INPUT DATA

----

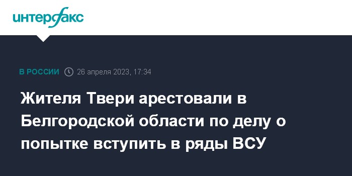 Жителя Твери арестовали в Белгородской области по делу о попытке вступить в ряды ВСУ
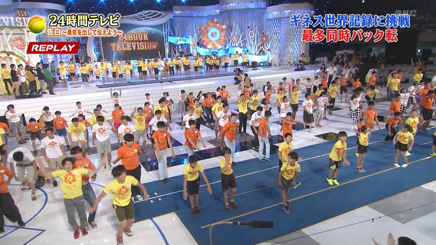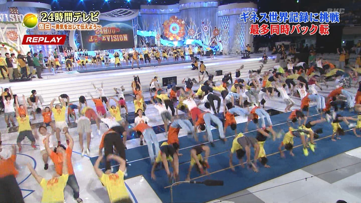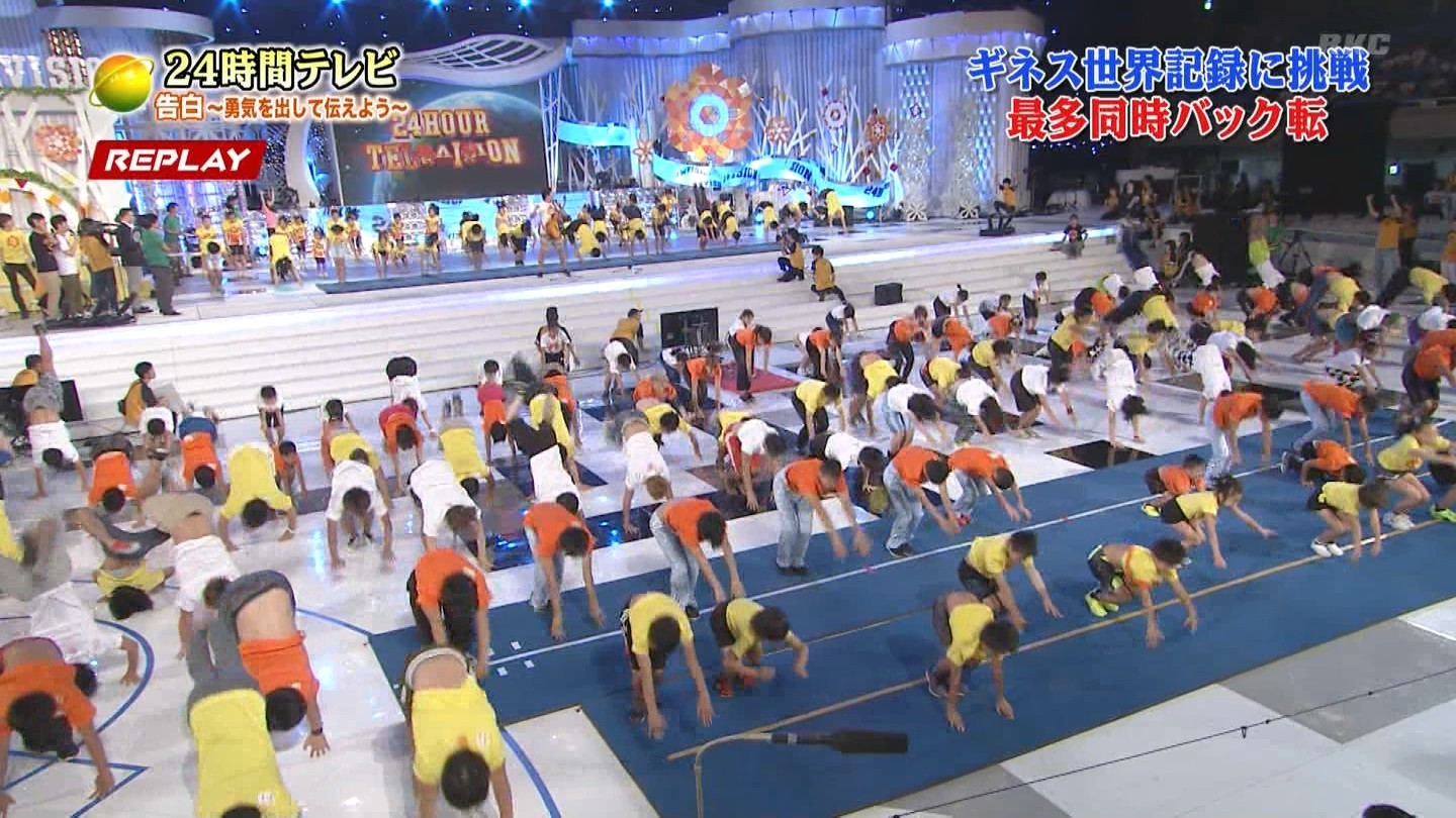 番組会場でやる必要が一体どこにあるのか。そもそも大人数でバク転したからギネスってのがネタ切れじゃねーかww
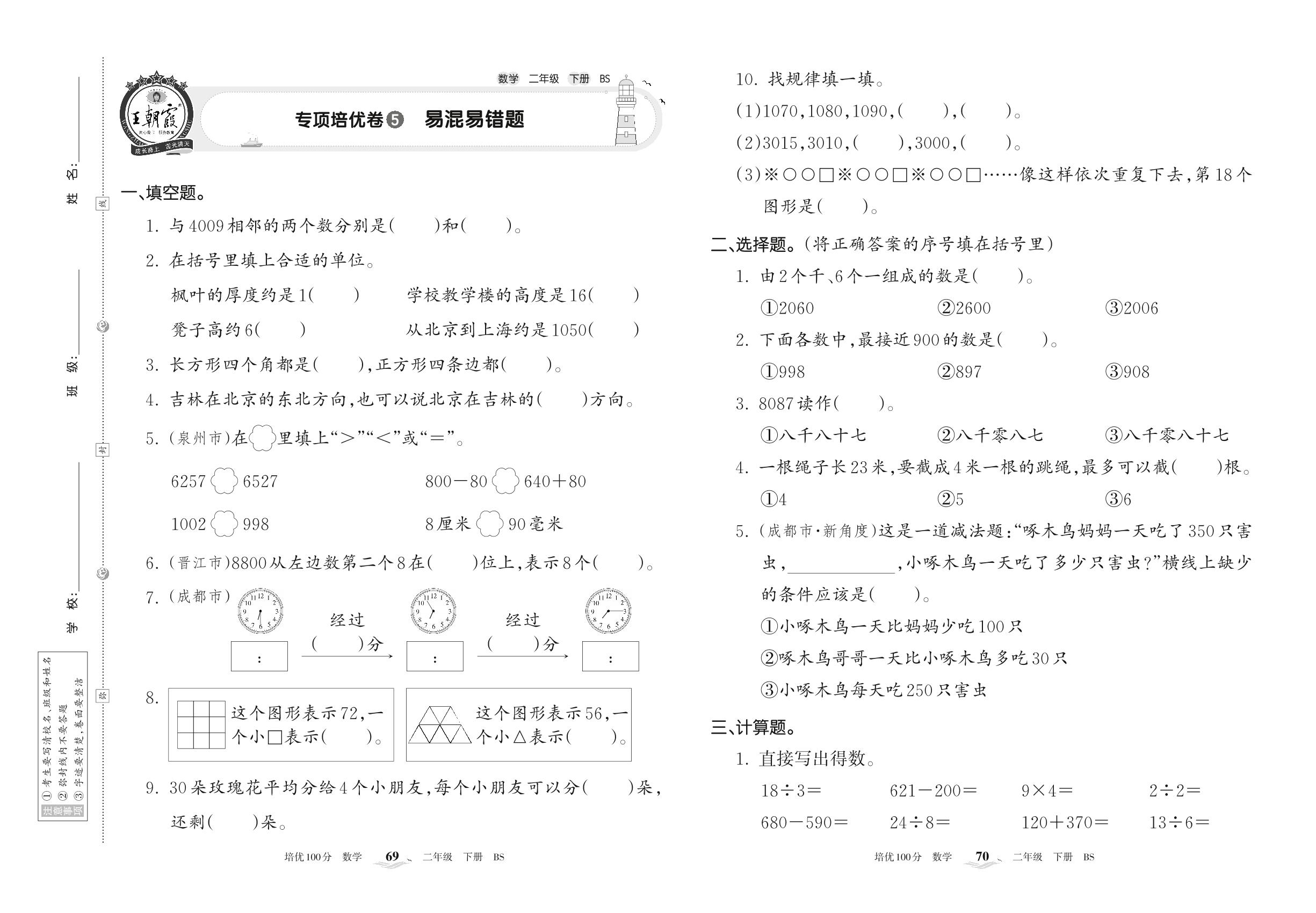 2022下册二年级数学北师版 专项培优卷5 易混易错题
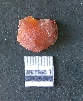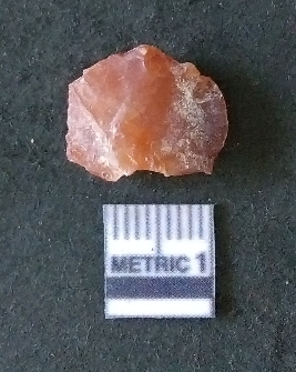 | Description / विवरण | The carnelian flake is reddish in color, with sharp flakes edges and a small bulb of percussion owing to knapping activity. |
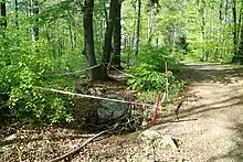 On the eastern foothill one of about 15 Roman grave fields in Graz has been excavated.[16] The grave field is known since the 15th century and is composed of at least 18 tumuli.[17] In the years 2003 and 2004 three of these tumuli were examined in detail for the first time ever. The middle one located at the edge of the forest turned out to be the most important one and revealed a completely preserved Roman grave for the first time in Graz.[14] The beehive-shaped grave was built of clay-smeared limestone and has a dromos and an almost unharmed grave chamber. The nearly round chamber with a diameter of 2.8 and a height of about 1.4 meters contained the remains of two or three funerals as well as intact grave goods. Along with a completely preserved tripod shell and the shards of a drinking cup the grave contained a copper or bronze coin with the face of Antoninus Pius which made it possible to date it back to the second century.[18] The type of grave installation has been called typical for the region of northeast Styria and Burgenland.[16] Both of the other graves were showing signs of looting but still contained fragments of a ceramic pot, broken glass and another coin. The first hill was roofed with a steel and glass construction and made visible for the public while the other two were filled up again.[18] Because of its great condition the grave field has been declared a cultural heritage monument.
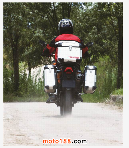 作為旗艦版的身份標(biāo)識,RX3豪華旗艦版所配置的鋁箱由國內(nèi)某知名廠商為RX3量身打造,其強(qiáng)度、耐久性都可圈可點(diǎn)。或許有些車迷懷疑右側(cè)邊箱為了照顧排氣管而太過靠外會影響操控,但事實(shí)上整個(gè)試車過程中,小編嘗試了各種路況、左右彎道,并未感到右側(cè)邊箱對操控有什么干涉。
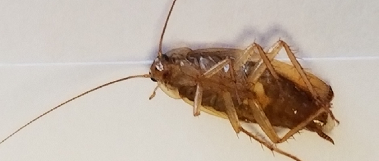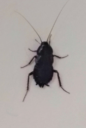 Number 6330 This is a cockroach, likely a German cockroach, Blattella germanica (Blaberoidea: Ectobiidae). This species is notoriously difficult bring under full control; Click here elsewhere on these pages for some control recommendations.
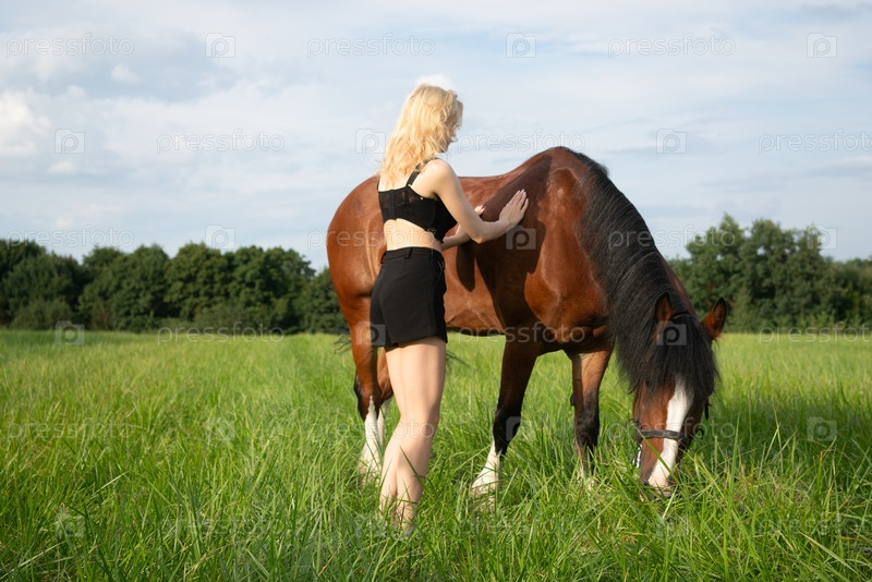 Молодая красивая женщина с белыми волосами позирует на зеленом поле с лошадью
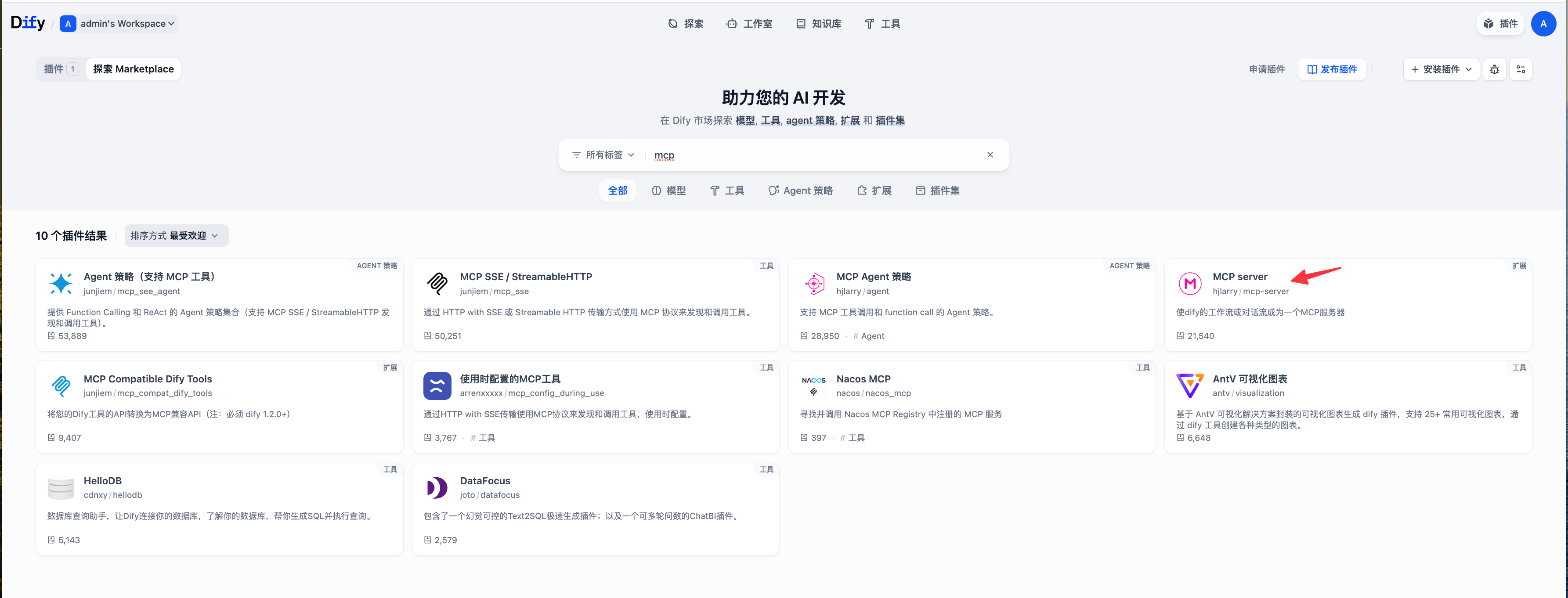 在 Dify 的 Marketplace 中选择 MCP server 插件进行安装。
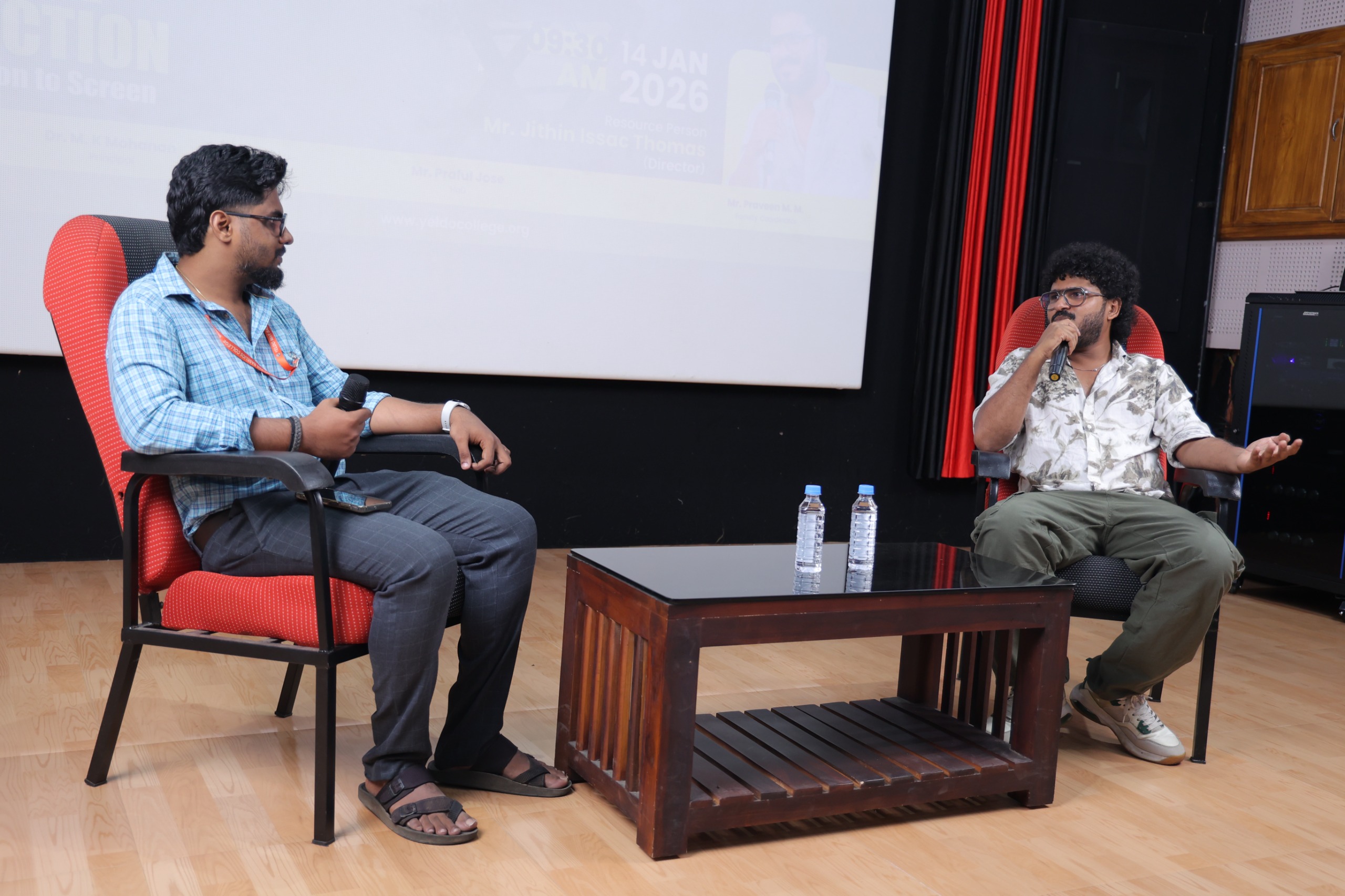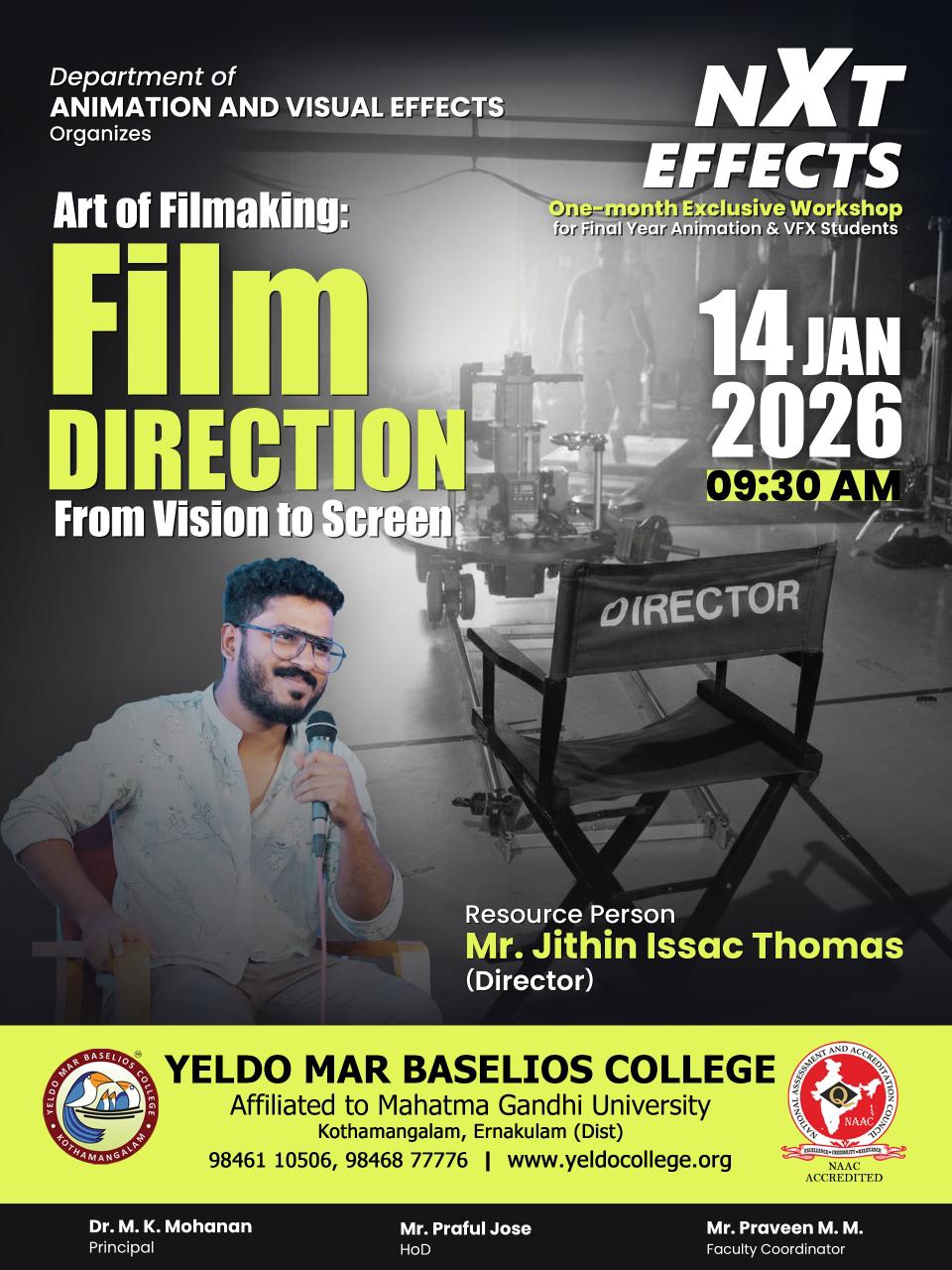 The Department of Animation & Visual Effects at Yeldo Mar Baselios College proudly presents an exclusive workshop tailored for final-year students: NXT EFFECTS: Art of Filmmaking -Film Direction from Vision to Screen! on January 14, 2026. This immersive session offered a rare opportunity to dive deep into the cinematic process with Mr. Jithin Issac Thomas, the acclaimed director behind standout films like Rekha (2023), the Netflix-hit Attention Please (2021)and Freedom Fight (2022). His visionary journey from initial script conception to final screen realization, gaining hands-on insights into storytelling, direction techniques, and overcoming real-world production hurdles. This workshop promised a profound impact for final-year students, empowering them to bridge academic learning with professional filmmaking. Students emerged with enhanced script-to-screen workflows, sharpened directorial instincts, and practical strategies for tackling narrative complexities and secure internships at leading VFX studios, in order to contribute various intercollegiate projects with Netflix-level polish. By the director's role, it fosters innovation in animation and visual effects, boosting portfolios and confidence for industry entry and transform their creative ideas into compelling narratives, equipping them with industry-ready skills that drive career success in the dynamic world of filmmaking.

----

PROMPT
Repeat the entries word for word and skip the pictures.

OUTPUT FOR THIS TASK
 Жителя Твери арестовали в Белгородской области по делу о попытке вступить в ряды ВСУ
 番組会場でやる必要が一体どこにあるのか。そもそも大人数でバク転したからギネスってのがネタ切れじゃねーかww
 2022下册二年级数学北师版 专项培优卷5 易混易错题
 | Description / विवरण | The carnelian flake is reddish in color, with sharp flakes edges and a small bulb of percussion owing to knapping activity. |
 On the eastern foothill one of about 15 Roman grave fields in Graz has been excavated.[16] The grave field is known since the 15th century and is composed of at least 18 tumuli.[17] In the years 2003 and 2004 three of these tumuli were examined in detail for the first time ever. The middle one located at the edge of the forest turned out to be the most important one and revealed a completely preserved Roman grave for the first time in Graz.[14] The beehive-shaped grave was built of clay-smeared limestone and has a dromos and an almost unharmed grave chamber. The nearly round chamber with a diameter of 2.8 and a height of about 1.4 meters contained the remains of two or three funerals as well as intact grave goods. Along with a completely preserved tripod shell and the shards of a drinking cup the grave contained a copper or bronze coin with the face of Antoninus Pius which made it possible to date it back to the second century.[18] The type of grave installation has been called typical for the region of northeast Styria and Burgenland.[16] Both of the other graves were showing signs of looting but still contained fragments of a ceramic pot, broken glass and another coin. The first hill was roofed with a steel and glass construction and made visible for the public while the other two were filled up again.[18] Because of its great condition the grave field has been declared a cultural heritage monument.
 作為旗艦版的身份標(biāo)識,RX3豪華旗艦版所配置的鋁箱由國內(nèi)某知名廠商為RX3量身打造,其強(qiáng)度、耐久性都可圈可點(diǎn)。或許有些車迷懷疑右側(cè)邊箱為了照顧排氣管而太過靠外會影響操控,但事實(shí)上整個(gè)試車過程中,小編嘗試了各種路況、左右彎道,并未感到右側(cè)邊箱對操控有什么干涉。
 Number 6330 This is a cockroach, likely a German cockroach, Blattella germanica (Blaberoidea: Ectobiidae). This species is notoriously difficult bring under full control; Click here elsewhere on these pages for some control recommendations.
 Молодая красивая женщина с белыми волосами позирует на зеленом поле с лошадью
 在 Dify 的 Marketplace 中选择 MCP server 插件进行安装。
 The Department of Animation & Visual Effects at Yeldo Mar Baselios College proudly presents an exclusive workshop tailored for final-year students: NXT EFFECTS: Art of Filmmaking -Film Direction from Vision to Screen! on January 14, 2026. This immersive session offered a rare opportunity to dive deep into the cinematic process with Mr. Jithin Issac Thomas, the acclaimed director behind standout films like Rekha (2023), the Netflix-hit Attention Please (2021)and Freedom Fight (2022). His visionary journey from initial script conception to final screen realization, gaining hands-on insights into storytelling, direction techniques, and overcoming real-world production hurdles. This workshop promised a profound impact for final-year students, empowering them to bridge academic learning with professional filmmaking. Students emerged with enhanced script-to-screen workflows, sharpened directorial instincts, and practical strategies for tackling narrative complexities and secure internships at leading VFX studios, in order to contribute various intercollegiate projects with Netflix-level polish. By the director's role, it fosters innovation in animation and visual effects, boosting portfolios and confidence for industry entry and transform their creative ideas into compelling narratives, equipping them with industry-ready skills that drive career success in the dynamic world of filmmaking.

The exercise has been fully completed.